История была незамысловата: девочка по имени Аманда Пайн, которая любила поесть до такой степени, какая наводит на размышления некоторых психотерапевтов, положила глаз на школьные обеды Мадлен. А все потому, что обеды Мадлен были особенными. Если другие дети жевали сэндвичи с арахисовой пастой или с конфитюром, то Мадлен, открывая свой обеденный контейнер, находила там щедрый ломтик вчерашней лазаньи, жареные цукини, экзотический плод киви, разрезанный на четвертинки, пять круглых, с жемчужным отливом помидоров черри, миниатюрную дорожную солонку с йодированной солью крупного помола, два еще теплых кругляша печенья с шоколадной крошкой и красный клетчатый термосок с холодным как лед молоком.
Из за такого содержимого ланч бокс Мадлен соблазнял всех, в том числе и саму Мадлен. Но Мадлен угощала только Аманду, потому что дружба требует жертв, а еще потому, что Аманда, единственная на всю школу, не дразнила Мадлен за ее детские странности, которые та уже и сама подмечала.
Элизабет заподозрила неладное только тогда, когда обратила внимание, что на тщедушной фигурке дочери одежда стала обвисать ветхой тряпицей. Согласно материнским подсчетам, суточный рацион Мадлен в точности соответствовал потребностям оптимального развития, то есть с научной точки зрения потеря веса просто не представлялась возможной. Тогда что же: скачок роста? Нет. В своих расчетах Элизабет учитывала потребности растущего организма. Раннее расстройство пищевого поведения? Очень сомнительно. Дома, за ужином, у Мадлен всегда прорезался зверский аппетит. Лейкемия? Определенно нет. Элизабет никогда не впадала в панику: ей было несвойственно ворочаться без сна по ночам и воображать, как ее дочку подтачивает опасный недуг. Человек науки, она всему искала рациональное объяснение и нашла его в тот миг, когда увидела Аманду Пайн с томатно красными губками.

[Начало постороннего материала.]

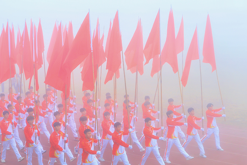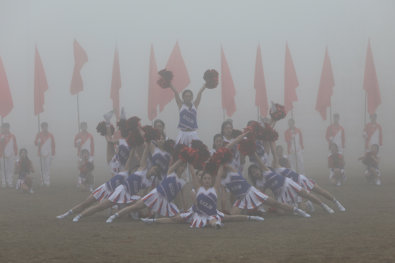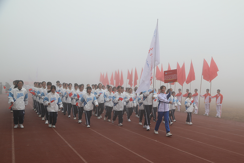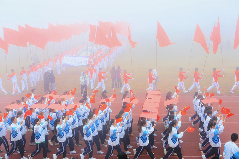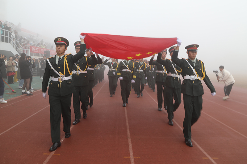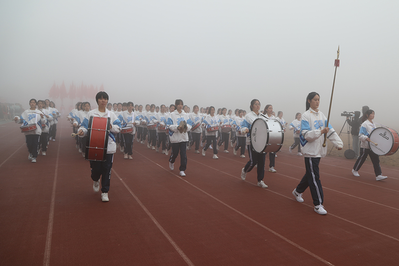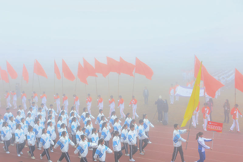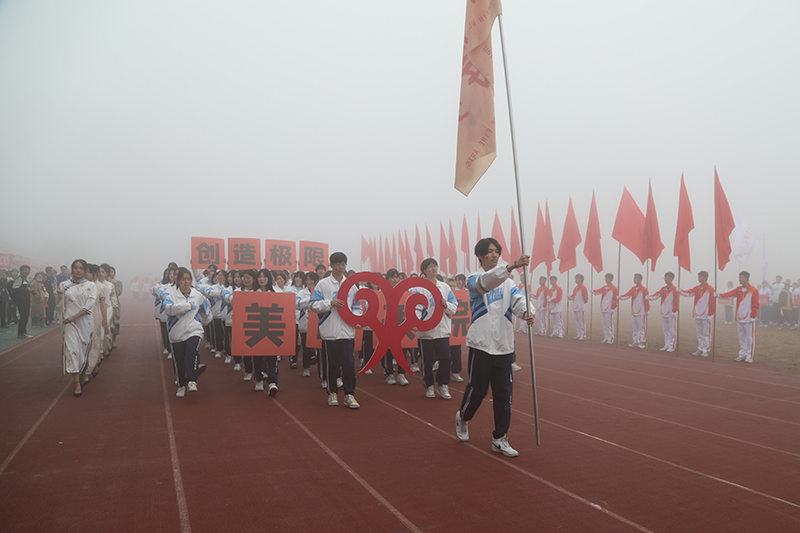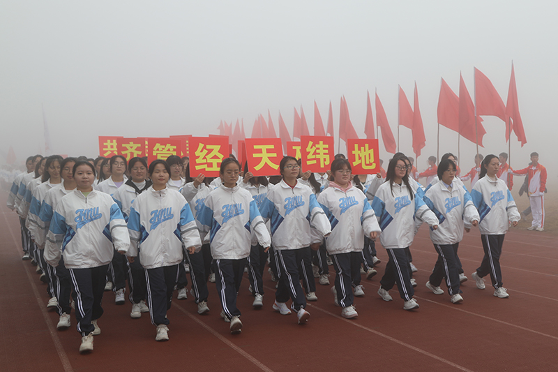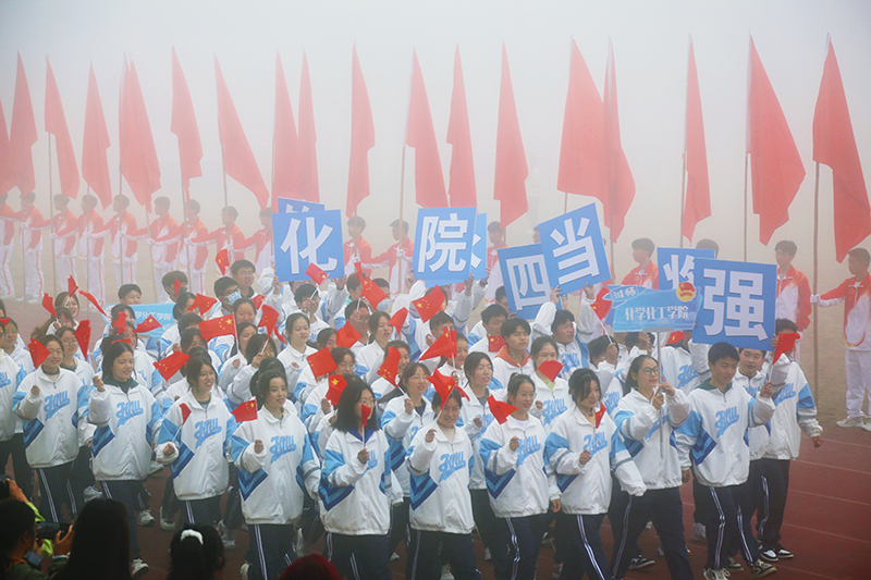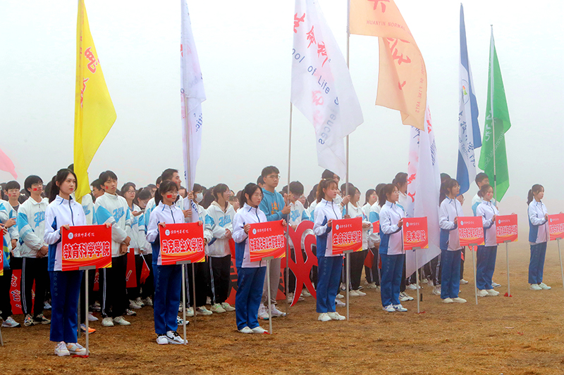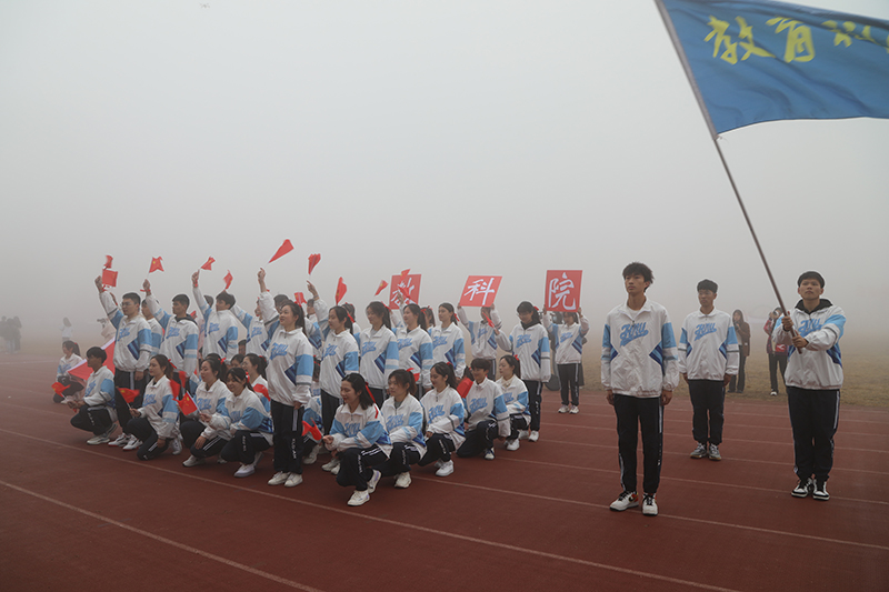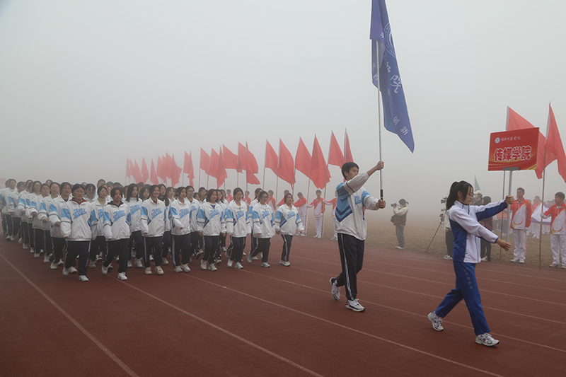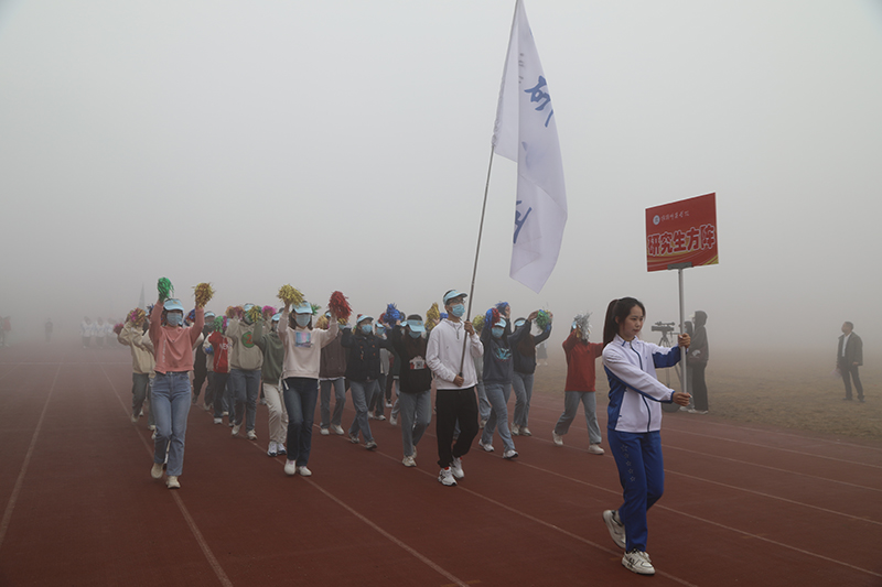 在激进昂扬的运动员进行曲中,国旗、校旗、会徽、军鼓乐团、彩旗、裁判员、研究生院、各二级学院等方阵依次入场,意气风发地走过主席台。

– Мистер Пайн, – выпалила Элизабет в среду днем, пулей промчавшись мимо администратора через приемную местного телецентра прямо в студию, – я три дня пытаюсь до вас дозвониться, а вы так и не удосужились хотя бы из вежливости набрать мой номер. Меня зовут Элизабет Зотт. Я мать Мадлен Зотт, наши дети учатся в подготовительном классе начальной школы «Вуди», и цель моего посещения – проинформировать вас о том, что ваша дочь под надуманным предлогом завязала дружбу с моей дочерью. – Поскольку он пришел в полное замешательство, Элизабет пояснила: – И теперь ваша девочка объедает мою дочь.
– Об… объедает? – еле выговорил Уолтер Пайн, разглядывая стоящую перед ним роскошную женщину в белом халате: такое явление могло оказаться сродни сошествию благодатного огня, не будь у нее на халате инициалов «Э. З.», вышитых красными нитками над нагрудным карманом.

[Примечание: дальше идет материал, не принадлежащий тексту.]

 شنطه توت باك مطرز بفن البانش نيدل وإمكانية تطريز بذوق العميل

– Ваша дочь Аманда, – повторила свой выпад Элизабет, – съедает школьный обед моей дочери, причем уже не первый месяц.
Уолтер только таращился. Рослая, угловатая женщина стояла подбоченясь: волосы цвета пересушенных тостов с маслом стянуты на затылке в узел и скреплены карандашом, губы беззастенчиво алые, кожа лучистая, нос прямой. Она смотрела на него сверху вниз, как фронтовая медсестра, прикидывающая, стоит ли такого спасать.
– Уже одно то, что Аманда строит из себя подружку Мадлен, чтобы только выманить у нее обед, – продолжала она, – совершенно недопустимо.
– Е… еще раз… П повторите: кто вы? – пробормотал Уолтер.
– Элизабет Зотт! – рявкнула она в ответ. – Мать Мадлен Зотт!
Уолтер закивал, пытаясь понять, что происходит. Опытный режиссер вечерних телепрограмм, он знал толк в драматических эффектах. Но это? Он не сводил с нее глаз. Женщина была потрясающая. Ее появление его потрясло – буквально. Откуда же она взялась: разве на сегодня назначены какие то пробы?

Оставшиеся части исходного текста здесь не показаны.